Creality ha aggiornato Creality Cloud alla versione 7.3, intervenendo su uno dei passaggi più comuni ma anche più frammentati della stampa 3D domestica e prosumer: il percorso che va dal modello digitale al file pronto per la macchina. Con questa versione, l’azienda spinge con più decisione su un flusso di lavoro mobile, nel quale smartphone e tablet diventano strumenti non solo per cercare modelli o controllare una stampante, ma anche per preparare il file di stampa.
L’idea è semplice da spiegare: l’utente sceglie un modello, lo controlla nell’app, lo affetta in cloud e lo invia alla stampante senza dover aprire un programma desktop separato. Per molti maker esperti lo slicer su computer resta lo strumento principale, soprattutto quando si lavora su profili complessi, materiali tecnici o parametri molto personalizzati. Per chi stampa oggetti di uso quotidiano, modelli scaricati da una libreria o file già ottimizzati, però, la possibilità di gestire tutto dal telefono può ridurre passaggi e tempi morti.
FlowSlicer entra nell’app mobile
La novità centrale è l’integrazione più completa di FlowSlicer dentro l’app mobile di Creality Cloud. Il sistema consente di selezionare un modello su telefono o tablet, eseguire lo slicing nel cloud e avviare la stampa con pochi passaggi. In questo flusso vengono supportati i formati STL e 3MF, con anteprima 3D e controllo dei parametri prima dell’invio alla macchina.
Il formato STL resta il più diffuso nel mondo maker, ma il supporto al 3MF è importante perché consente di gestire più informazioni in un unico file. A differenza dell’STL, che descrive soprattutto la geometria triangolata, il 3MF può contenere dati aggiuntivi utili per materiali, colori, orientamento, metadati e configurazioni di stampa. Questo lo rende più adatto ai flussi moderni, soprattutto quando la stampa 3D non riguarda solo una singola mesh monocromatica.
Creality indica anche una futura interfaccia web per questo flusso. Il punto non è sostituire in blocco gli slicer desktop, ma offrire un percorso più diretto per chi usa Creality Cloud come ambiente principale: libreria modelli, slicing, invio alla stampante, controllo remoto e community nello stesso ecosistema.
Meno passaggi tra app, slicer e stampante
Fino a pochi anni fa, il processo tipico era piuttosto rigido: si scaricava un file STL, lo si apriva in Cura, PrusaSlicer, OrcaSlicer o un altro software, si impostavano profili e parametri, si esportava il G-code e poi lo si trasferiva alla stampante tramite SD, USB, rete locale o cloud. Questo metodo resta valido e spesso preferibile, ma non è sempre comodo per chi vuole stampare rapidamente un oggetto già pronto.

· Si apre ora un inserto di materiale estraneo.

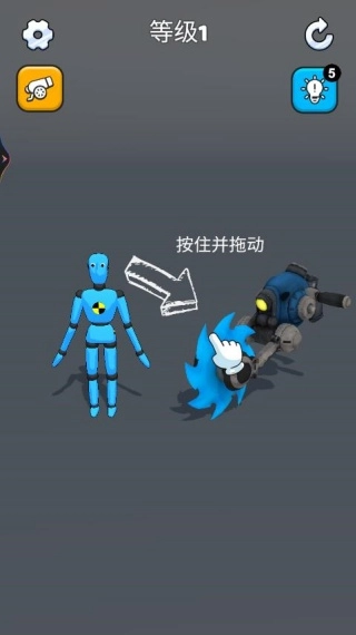 2、最开始的几关很简单,系统会给你一些小提示,比如如何拖动布偶来进行击打,帮助你轻松上手。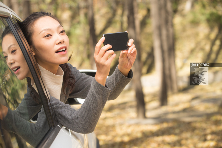 图片标题: 青年女人户外郊游

Creality Cloud 7.3 prova ad accorciare questa catena. L’app già si presenta come piattaforma tutto-in-uno con libreria di modelli, slicing cloud, controllo remoto, monitoraggio e funzioni community. La pagina ufficiale dell’app parla di una comunità globale di oltre 4 milioni di utenti, una libreria ampia di modelli 3D, strumenti basati su IA e slicing integrato nel cloud.

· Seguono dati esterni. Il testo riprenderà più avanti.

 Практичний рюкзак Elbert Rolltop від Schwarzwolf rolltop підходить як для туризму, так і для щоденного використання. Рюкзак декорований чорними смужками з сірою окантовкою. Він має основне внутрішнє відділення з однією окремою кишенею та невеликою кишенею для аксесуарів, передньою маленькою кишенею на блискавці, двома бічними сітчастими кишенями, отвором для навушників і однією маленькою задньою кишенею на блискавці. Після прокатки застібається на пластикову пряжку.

La scheda App Store descrive lo stesso approccio: ricerca di modelli, slicing direttamente da telefono, conversione da STL a G-code, anteprima dei file affettati, controllo remoto delle stampanti, gestione di più macchine e visualizzazione di timelapse.
Apertura a file ricevuti da WhatsApp, Messenger e Telegram
Uno degli aspetti più pratici della versione 7.3 riguarda l’importazione dei file da fonti esterne. Creality Cloud consente di importare modelli ricevuti tramite servizi di messaggistica come WhatsApp, Messenger e Telegram, senza richiedere una conversione separata prima del caricamento.
Questo dettaglio può sembrare secondario, ma intercetta un’abitudine molto comune. I file 3D vengono spesso scambiati nei gruppi di maker, tra amici, in community Telegram, canali Discord o chat private. Se il file deve essere prima salvato, spostato su un computer, aperto in uno slicer e riconvertito, il processo resta spezzato. Se invece può entrare direttamente nel flusso mobile, la stampa diventa più immediata.
Resta da vedere quanto bene il sistema gestirà modelli pesanti, mesh non pulite, file con unità errate o progetti complessi. L’apertura alle fonti esterne è utile, ma la qualità del risultato dipenderà sempre dalla bontà del modello e dalla corretta scelta dei profili di stampa.
Compatibilità con OrcaSlicer e slicer di terze parti
Creality Cloud 7.3 accetta anche file provenienti da slicer esterni, con riferimento esplicito a software diffusi come OrcaSlicer. Al caricamento, la piattaforma esegue una conversione automatica mantenendo, dove possibile, i parametri originali del progetto.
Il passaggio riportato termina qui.